Ask me whether what I have done is my life. (From “What’s My Life”, a sermon by Rev. Dr. Kimberleigh Buchanan, available at http://day1.org/478-whats_my_life, accessed 18 August, 2010.)

 

 

I was reminded of this as we talked about what God intends for each of our lives:

 

Years ago, my brother had begun training his Labrador Retrievers to respond as hunting dogs and together they participated in what are called “hunt tests” in which the dogs have an opportunity to receive a title sanctioned by the American Kennel Club.  Now I love dogs but guns and shooting ducks and mud and weeds and swamps are not really my thing.  But one day I went to go watch my brother’s young dog Maggie do whatever it was she was supposed to do.  I didn’t really understand it.  Truth be told, it really made no sense to me at all.  I just went to support Donnie and Maggie.

It was so muddy that the only way to get into the test was with my brother’s four-wheel drive pick-up and then we had to walk about another half mile or so to go watch the test itself.  We stood and waited and I just listened to the early morning quiet.  Maggie and Donnie were standing at the end of this huge piece of flooded pasture land.  Then the quiet was interrupted by a gun shot followed by something falling into the water.  Maggie did not move.  She watched her destination and then when Donnie said “Maggie”, she took off toward it.  And I had the wonderful blessing of watching the most magnificent piece of Creation that I had ever seen.  With ears laid back and her whole body in connected motion, Maggie seemed to skim the shallow water, never veering from or taking her eyes off the mark.  What I realized was that Maggie was not acting out of obedience to Donnie or what he had taught her; she was being who she was supposed to be in the very deepest part of her being.

 

Living out one’s call from God is not easy.  Truth be told, I’m pretty sure that it’s not meant to be.  Some of it makes no sense in light of how we see the world.  I mean, really, look at Jeremiah.  Wouldn’t it have been a whole lot easier to just pull out the pastoral side of himself and tell these people what a great job they were doing being the people of God?  But instead, he became what God called him to be in the deepest part of his being.  He became who he was created to be.  And God saw that it was good.

 

  • What is your response to this passage?
  • What is it that you are called to “pluck down”?
  • What is it that you are called to “build up”?
  • Why do you think there is almost always a denial of a call before the acceptance?
  • What do you think of the notion of God knowing you before you were?
  • What does it mean to you to do with your life what God intends?

 

NEW TESTAMENT:  Hebrews 12:18-29

Read the passage from Hebrews

“This is your final warning!”  Throughout this book of Hebrews, the unknown writer has been warning us against neglecting our salvation, against neglecting our relationship with God.  Toward the end of the writing, there is one last warning issued.

The writer uses a contrast to issue this warning.  Two mountains, Sinai and Zion provide the basis for comparison.  The writer reminds us first of the experience of the Israelites at Sinai: the flames of fire, the mist and gloom, the trumpet blast, and a Voice too terrible to endure.

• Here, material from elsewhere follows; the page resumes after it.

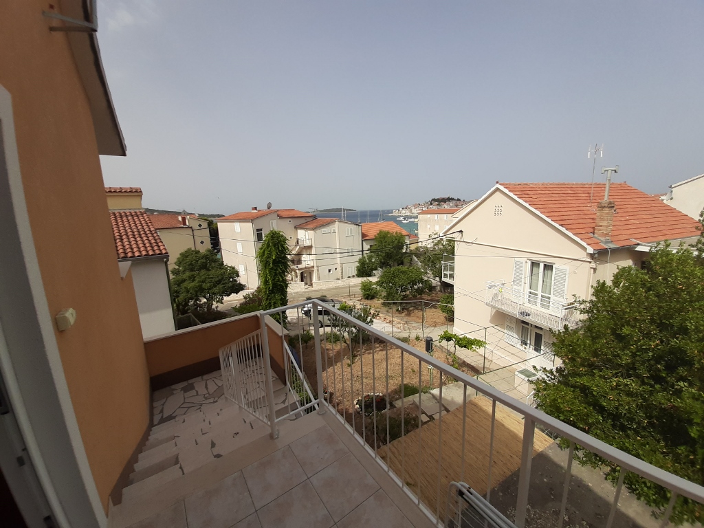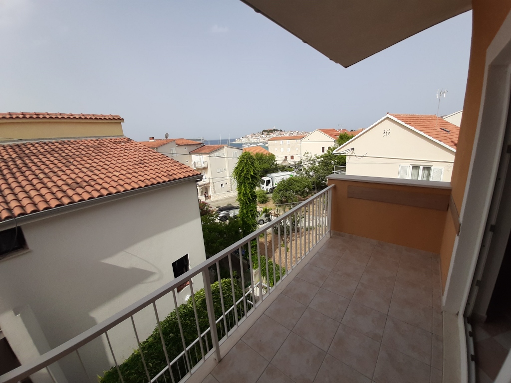 Balkon sa pogledom na more i na dio starog mjesta Primoštena.
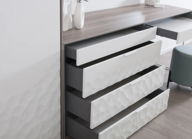 скрытые направляющие с доводчиками, push-to-open, металлические ручки и ножки

But we have not come to worship at this frightening, inaccessible, isolated mountain. Instead, we have come to Mount Zion, the heavenly Jerusalem. A marvelous company gathers in this city of the living God. There are countless angels who have come to join in celebration and worship. There is the congregation of the first-born, the brothers and sisters of Jesus the firstborn. There are the spirits of righteous people. There is Jesus, who mediates a new covenant making possible a new access to God and divine blessing.

The writer interprets the prophetic word to refer to a global destruction of created things (“what is shaken”) so that eternal things (“what cannot be shaken”) may remain. For us, this shaking, painful as it is, is a moment of crisis that reorients our lives. As a result of this process of judgment, we lose the things that can be shaken—all that is temporary. But in the midst of such cataclysmic trial, there is good news because that which cannot be shaken abides. Most importantly, what abides is God’s unshakable kingdom—a kingdom we are receiving even now due to the new and living way to God that Jesus has opened for us. That awareness leads to joy and thankfulness because we participate in the eternal realm and reign of God. Through our participation in that kingdom, we may worship God aright, with reverence and awe, knowing our God is a consuming fire who burns away the ephemeral things of our lives and purifies the precious gold that abides.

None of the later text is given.